*** Begin section ***
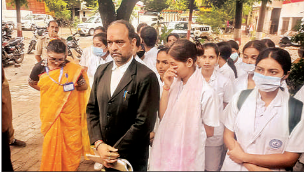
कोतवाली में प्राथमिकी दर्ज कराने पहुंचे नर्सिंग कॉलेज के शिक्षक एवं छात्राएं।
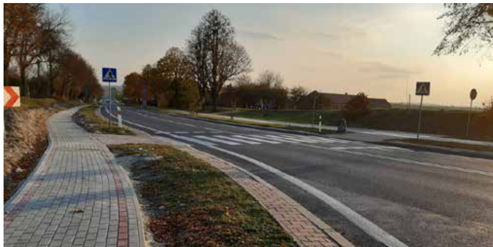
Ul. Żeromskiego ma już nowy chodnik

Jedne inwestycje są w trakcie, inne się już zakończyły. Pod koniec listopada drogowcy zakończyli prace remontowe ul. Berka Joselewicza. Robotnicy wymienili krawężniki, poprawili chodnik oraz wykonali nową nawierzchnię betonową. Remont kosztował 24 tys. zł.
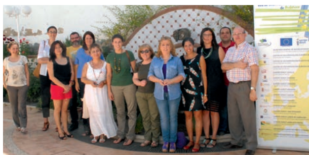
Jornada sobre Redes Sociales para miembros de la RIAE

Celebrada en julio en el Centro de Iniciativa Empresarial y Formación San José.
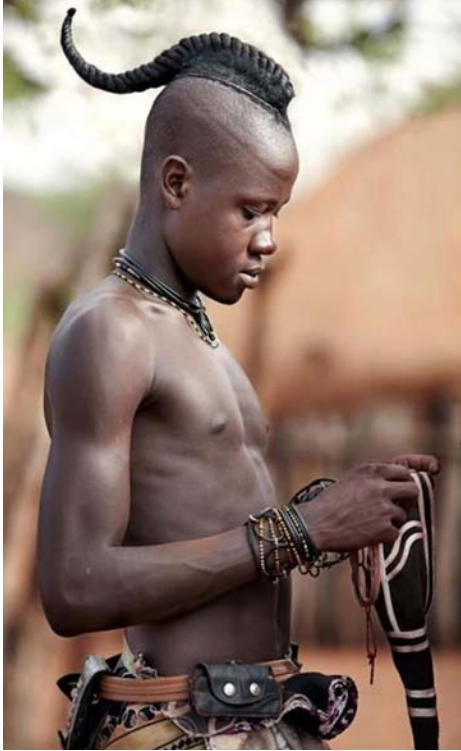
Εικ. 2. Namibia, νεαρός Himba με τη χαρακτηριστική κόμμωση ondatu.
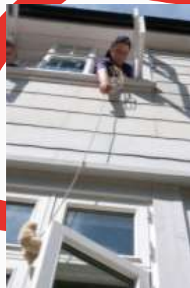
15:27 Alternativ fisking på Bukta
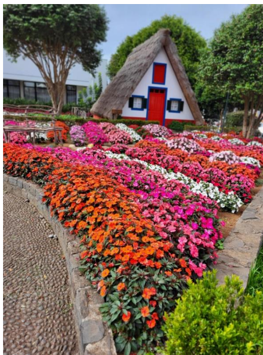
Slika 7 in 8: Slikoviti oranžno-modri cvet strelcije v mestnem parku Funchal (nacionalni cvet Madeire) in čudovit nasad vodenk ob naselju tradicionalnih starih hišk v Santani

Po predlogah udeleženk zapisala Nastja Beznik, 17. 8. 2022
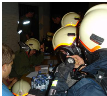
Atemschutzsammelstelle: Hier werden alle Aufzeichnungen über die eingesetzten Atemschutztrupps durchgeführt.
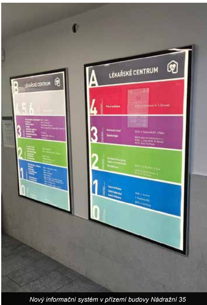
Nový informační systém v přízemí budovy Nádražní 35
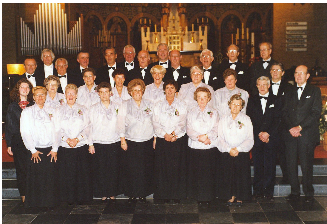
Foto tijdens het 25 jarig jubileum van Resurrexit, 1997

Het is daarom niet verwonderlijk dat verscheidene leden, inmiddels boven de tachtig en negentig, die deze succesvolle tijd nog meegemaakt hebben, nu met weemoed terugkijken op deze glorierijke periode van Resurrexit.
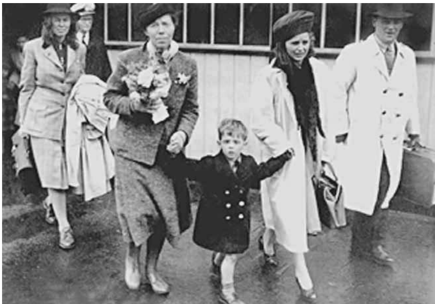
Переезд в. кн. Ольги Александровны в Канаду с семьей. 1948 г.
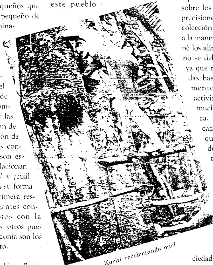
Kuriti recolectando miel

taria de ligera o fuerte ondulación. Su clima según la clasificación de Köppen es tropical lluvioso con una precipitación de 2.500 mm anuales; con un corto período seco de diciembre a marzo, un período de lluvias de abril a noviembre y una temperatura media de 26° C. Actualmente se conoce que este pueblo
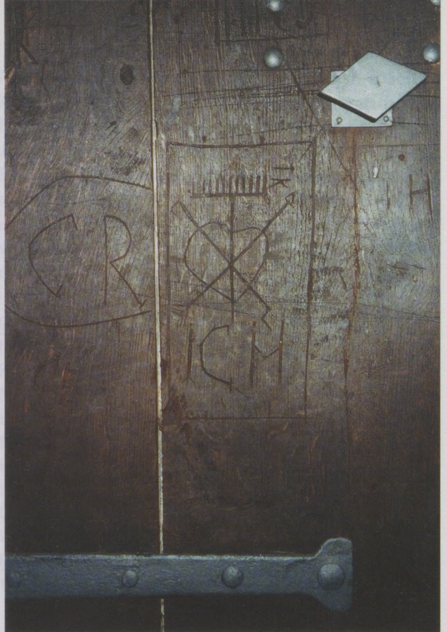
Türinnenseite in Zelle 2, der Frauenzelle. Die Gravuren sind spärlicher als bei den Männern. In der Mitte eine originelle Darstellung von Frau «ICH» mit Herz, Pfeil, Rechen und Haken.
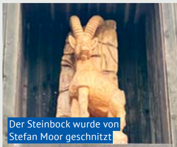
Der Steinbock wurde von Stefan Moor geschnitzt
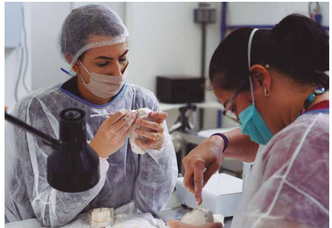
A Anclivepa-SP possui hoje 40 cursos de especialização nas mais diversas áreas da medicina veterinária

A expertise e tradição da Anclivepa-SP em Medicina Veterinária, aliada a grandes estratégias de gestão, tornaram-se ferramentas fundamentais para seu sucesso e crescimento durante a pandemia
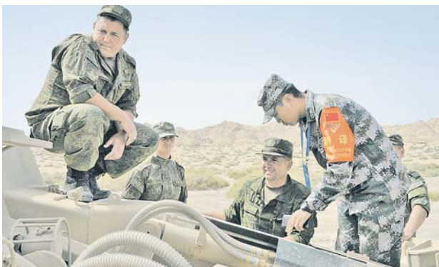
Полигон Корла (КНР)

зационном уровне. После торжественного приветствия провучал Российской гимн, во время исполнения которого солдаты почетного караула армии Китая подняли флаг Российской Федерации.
*** End section ***
_EXERCISE_
For every line in the listing above that contains "chodnik", copy that line.

_OUTPUT OF THE EXERCISE_
Ul. Żeromskiego ma już nowy chodnik
Jedne inwestycje są w trakcie, inne się już zakończyły. Pod koniec listopada drogowcy zakończyli prace remontowe ul. Berka Joselewicza. Robotnicy wymienili krawężniki, poprawili chodnik oraz wykonali nową nawierzchnię betonową. Remont kosztował 24 tys. zł.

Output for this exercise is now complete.